The Politics of Corruption

You have to wonder sometimes.

It’s been a long time since I had any respect for politicians. Any respect at all.

During the late 1990s I worked at a (now defunked) Auckland company whose job it was to monitor the news. We produced recordings and transcripts of television & radio reports and talkback calls for a range of companies and politicians.

A client’s paranoia of how they were portrayed in the media was directly proportional to the amount of money they spent with us. The chief National Party strategist at the time was Murray McCully. His press secretary was on the phone hourly. Telecom just had a running order: transcript of everything that included a mention of the company.

When you are that paranoid about how customers / voters view you, rather than spending millions on PR and image control, wouldn’t it be better to do a bit of soul-searching, reflect on how exactly why people view you that way and change the way you conduct yourself so that people don’t have that view? Surely that’s far more sustainable. Surely?

Then again, personal reflection and growth is rarely seen in the political class. Look at some of those hacks who’ve been there for a while – your Mallards, McCullys, Englishs, your Goffs, Ryalls and your Smiths (choose any). All, at some point, no matter which “side” you represent, has lied straight to you either by a) contradicting something they’ve previously said, b) claiming they never actually said something they previously said, or c) misrepresenting or manipulating facts to suit their own purposes.

You try to get a politician to comment rationally on their allowances. Their justification borders on the ridiculous. National were fantastically outrageous this week with their “it’s within the rules.” I could go on about it being within the rules and yet morally wrong but I would be smashing my head against a wall made from the soft abdomen of many years eating and drinking in Bellamy’s (yet another unnecessary rort that we’re all paying for. Don’t get me started on air points).

The current political class is littered with examples of this nature. Rodney Hide, into parliament on the promise of being the “perk buster” and then out of parliament for ripping off the very perks he was fighting. The ultimate in parliamentary corruption.

With politicians being at the bottom of the heap as ‘least trusted profession,’ and voter turn-out at all time lows and falling, you’d think they’d start investigating the reasons for this.

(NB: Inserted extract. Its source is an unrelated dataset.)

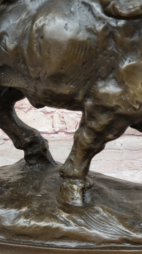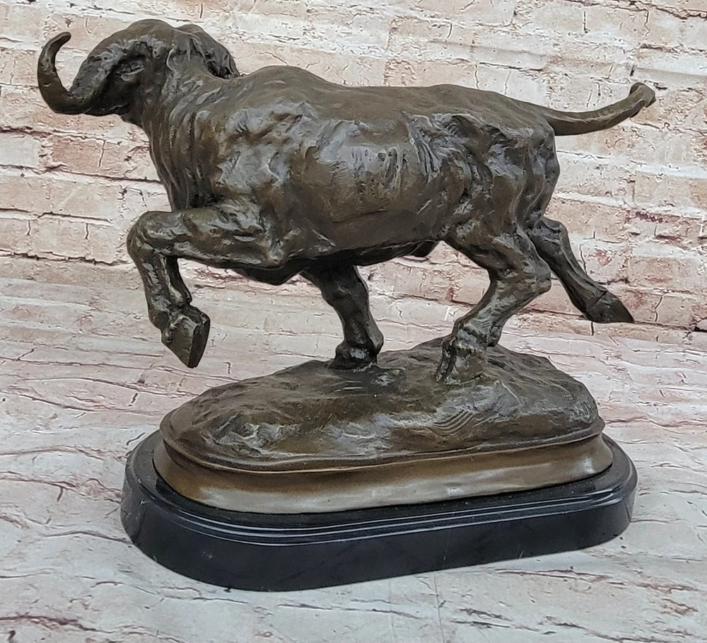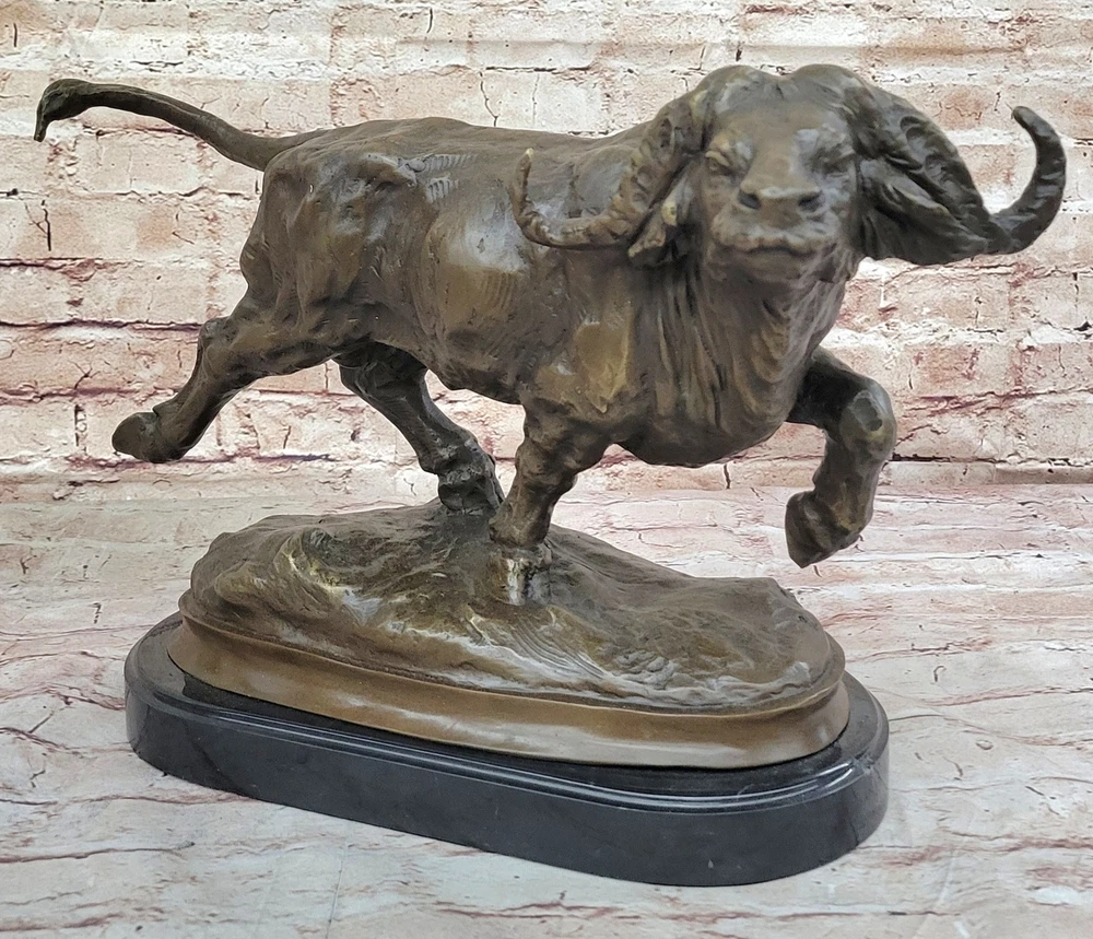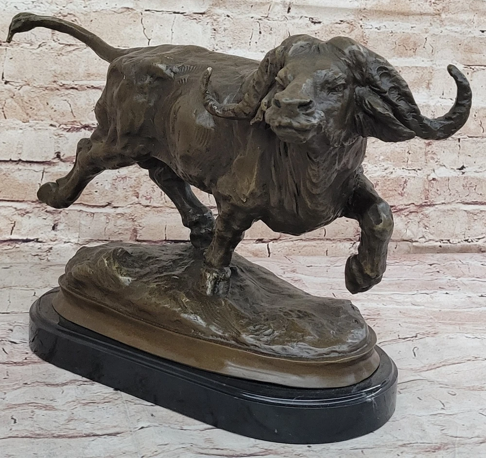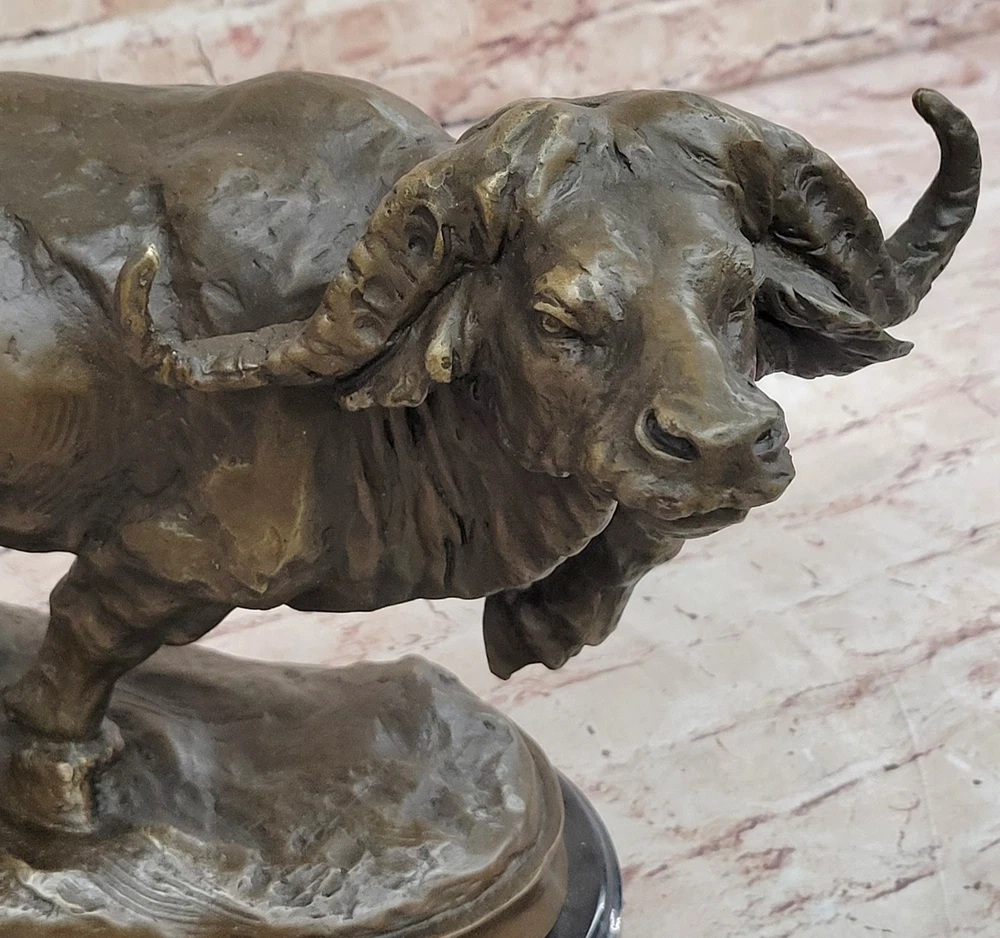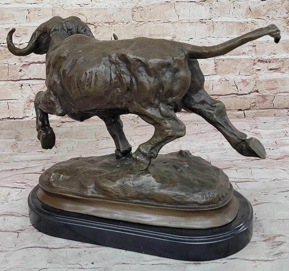 Condition : This sculpture is in perfect condition. Bronze Dimensions with Marble Base:11" X 17" Marble Dimensions: Diameter 13.5" Height without base:10" Weight:27 LBS Inventory:2497K08442 Capturing the raw power and unpredictable temperament of a charging bison, this sculpture vividly depicts the intensity of the moment. Bison, typically known for their peaceful and lazy demeanor, can transform into formidable forces, capable of charging at speeds up to thirty-five miles per hour. The sculpture portrays the bison in mid-charge, showcasing its massive skull and distinctive horns, emphasizing the potential danger inherent in its sudden and unpredictable behavior. The intricate detailing, including the large curled horns, brings the sculpture to life, conveying the strength and ferocity of this iconic North American mammal. The bison's natural weapons, from its horns to its massive head, are skillfully portrayed in this fully detailed sculpture. The artist highlights the potential for a bison to use its head as a battering ram, harnessing the momentum of its substantial weight at high speeds. The hind legs, capable of delivering devastating force, add to the sculpture's dynamic representation of the bison's power. The brown patina, enhanced with subtle gold touches, adds depth and realism to the artwork, capturing the essence of this majestic creature in a moment of intense action. Crafted with precision and artistry, this sculpture is a product of the "Lost Wax Method," a technique that allows for intricate details and lifelike representations. Mounted on a round black marble base, the sculpture gains a sense of grounding, emphasizing its significance as a work of art. Signed by the artist Milo, this piece not only pays homage to the strength and vitality of the bison but also serves as a testament to the artist's skill in capturing the essence of wildlife in bronze. RUNNING BISON CHARGES BRONZE MARBLE SCULPTURE MILO HOT CAST MARBLE BASE FIGURINE Video will open in a new window Using the eBay App? Paste link into a browser window: [isdntekvideo]

No. Instead they just bumble on. Lying daily. Feathering their own nest with a vast range of perks and allowances the rest of us can only dream about. Using air points gained while travelling on parliamentary business for holidays with spouses. Getting the taxpayer to subsidise their superannuation, and while they are doing that, paying off a mortgage on an investment property in the city where they live.

These dirty, cretinous shysters will stop at nothing to further themselves and their power base. They are utterly corrupt in every decision they make. No argument. Who will I vote for now?

This post was initially going to be a gentle narrative on how I’ve changed my teaching practise this year after much soul-searching and personal reflection. After I started typing it turned into what you have read above.

The politicians made me do it.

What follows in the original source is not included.